Platform-Specific Citation Guidance: How Each of the Five AI Platforms Actually Works
Google's AI Overviews are SEO-driven. ChatGPT, Perplexity, Claude, and Microsoft Copilot operate differently. Each platform has its own retrieval architecture, citation logic, and signal weights. Treating them as interchangeable is the most common category error in AEO/GEO strategy. CBA's audit covers all five platforms because they don't share retrieval architectures, citation logic, or what they look for in your content.
If you've read Google's 15 May 2026 AI optimisation guide and concluded that "AI search is just SEO," you're half right. It's correct for Google. It isn't true for the other four platforms. This page sets out what each platform actually does, what each one prioritises, and what that means for how you optimise.
Why this matters now
Google's AI optimisation guide states explicitly that "from Google Search's perspective, optimising for generative AI search is optimising for the search experience, and thus still SEO." For Google AI Overviews and AI Mode, that's accurate. AIO and AI Mode are layered directly on top of Google's core Search ranking systems. The same signals that get you ranked in classic Google Search are the signals that get you considered for generative AI surfacing on Google.

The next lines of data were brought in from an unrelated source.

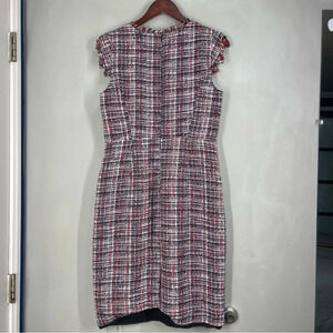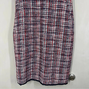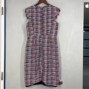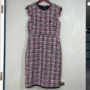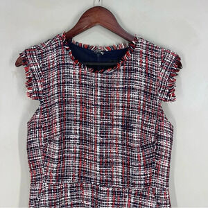 J Crew Resume Tweed Sheath Dress Blue Red White Pockets Fringe Career Womens 10P
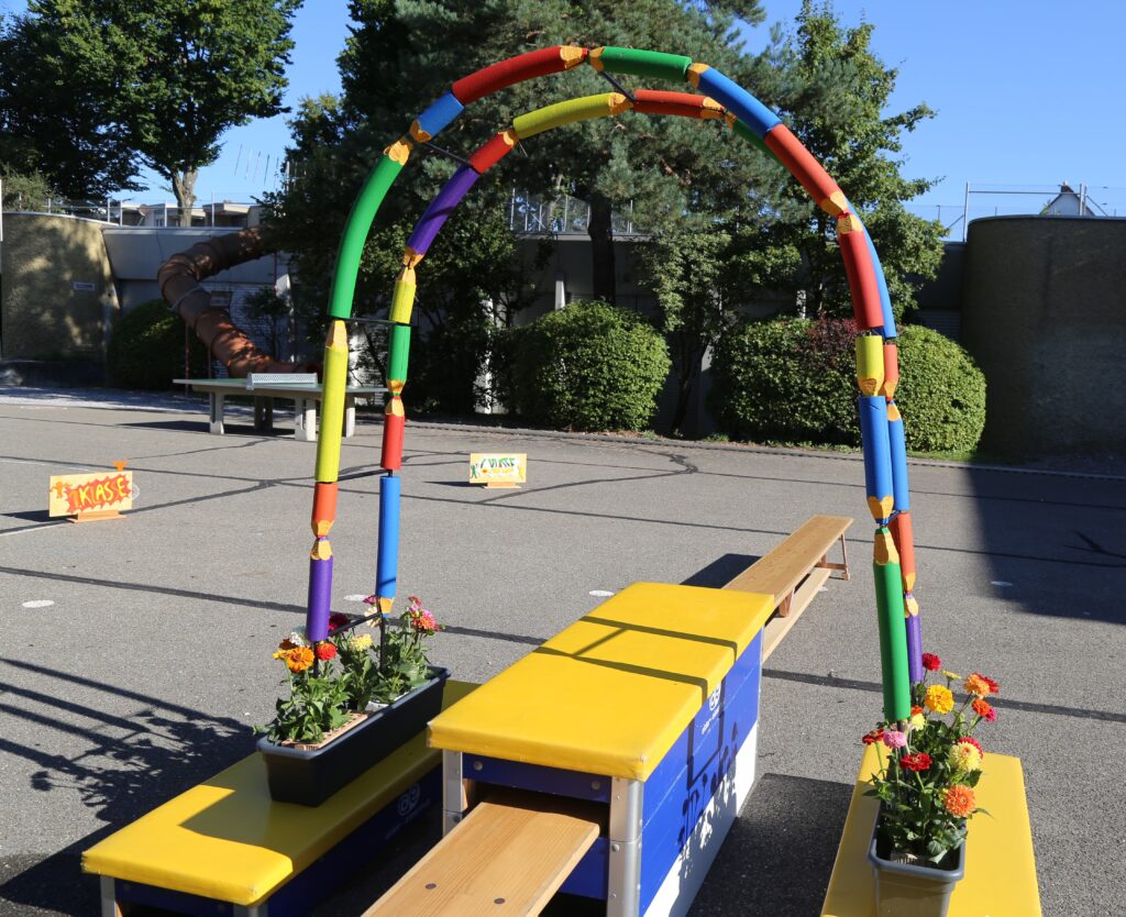 Im Steinacker feiern wir den Start jedes Schuljahr aufs Neue mit unserem Begrüssungsritual, bei welchem der Farbstift- und Sonnenblumenbogen eine wichtige Rolle spielt.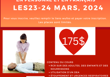 Lire la suiteCertification de premiers soins en français et en personne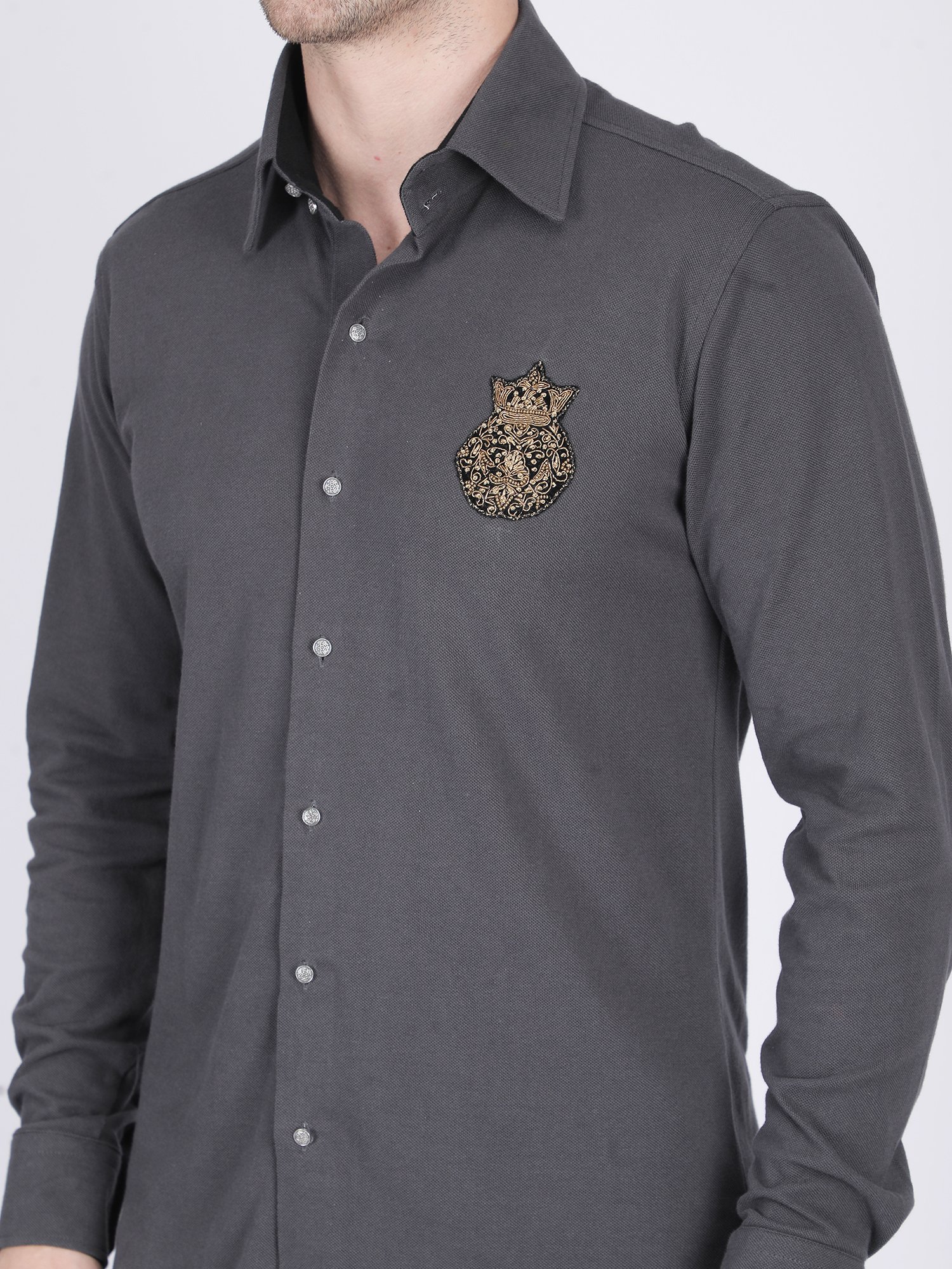 Grey Knit Shirt Hand Embroidery Tailored Fit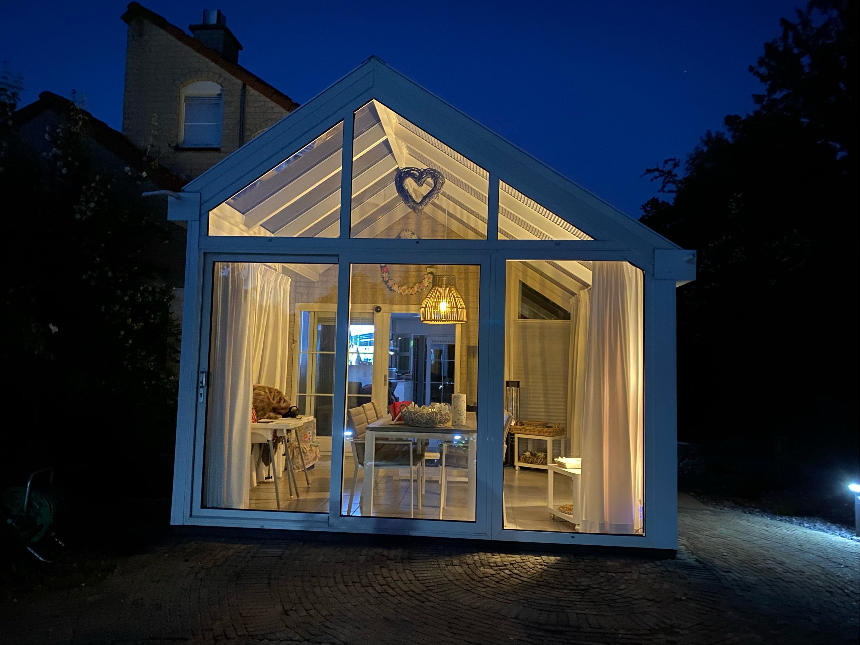 - Hoekkeuken met een koelkast met vriezer, 4-pits inductiekookplaat, vaatwasser en afzuigkap. Aan de eettafel kun je gezellig samen eten. Ook hier kun je middels de 2e schuifpui direct de tuin inlopen.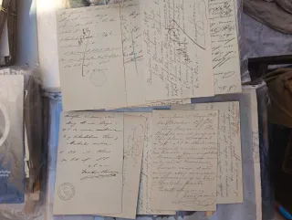 Lotto di corrispondenza d'epoca, include cartoline postali e lettere. - Materiale cartaceo originale. - Scritte a mano in , Firenze. - Alcuni francobolli e timbri visibili.8 pezzi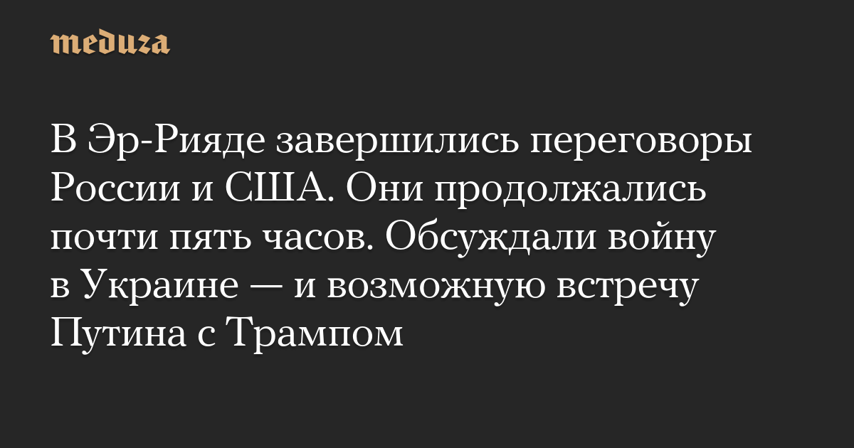 В Эр-Рияде завершились переговоры России и США. Они продолжались почти пять часов. Обсуждали войну в Украине — и возможную встречу Путина с Трампом

The problem is that every prospect reading that guide now asks: "Does this apply to ChatGPT? Perplexity? Claude? Copilot?" The honest answer is no. Each of those platforms uses a different retrieval architecture, weights different signals, and decides what to cite using different logic. Below is the per-platform breakdown, based on each platform's own published documentation and on independent research into how each one actually behaves.
The five platforms, in order of how much they overlap with traditional SEO
Google's generative AI features are layered on Google Search's core ranking systems. The optimisation playbook is largely the SEO playbook, with two AI-specific mechanisms named in Google's own documentation: retrieval-augmented generation (RAG) and query fan-out.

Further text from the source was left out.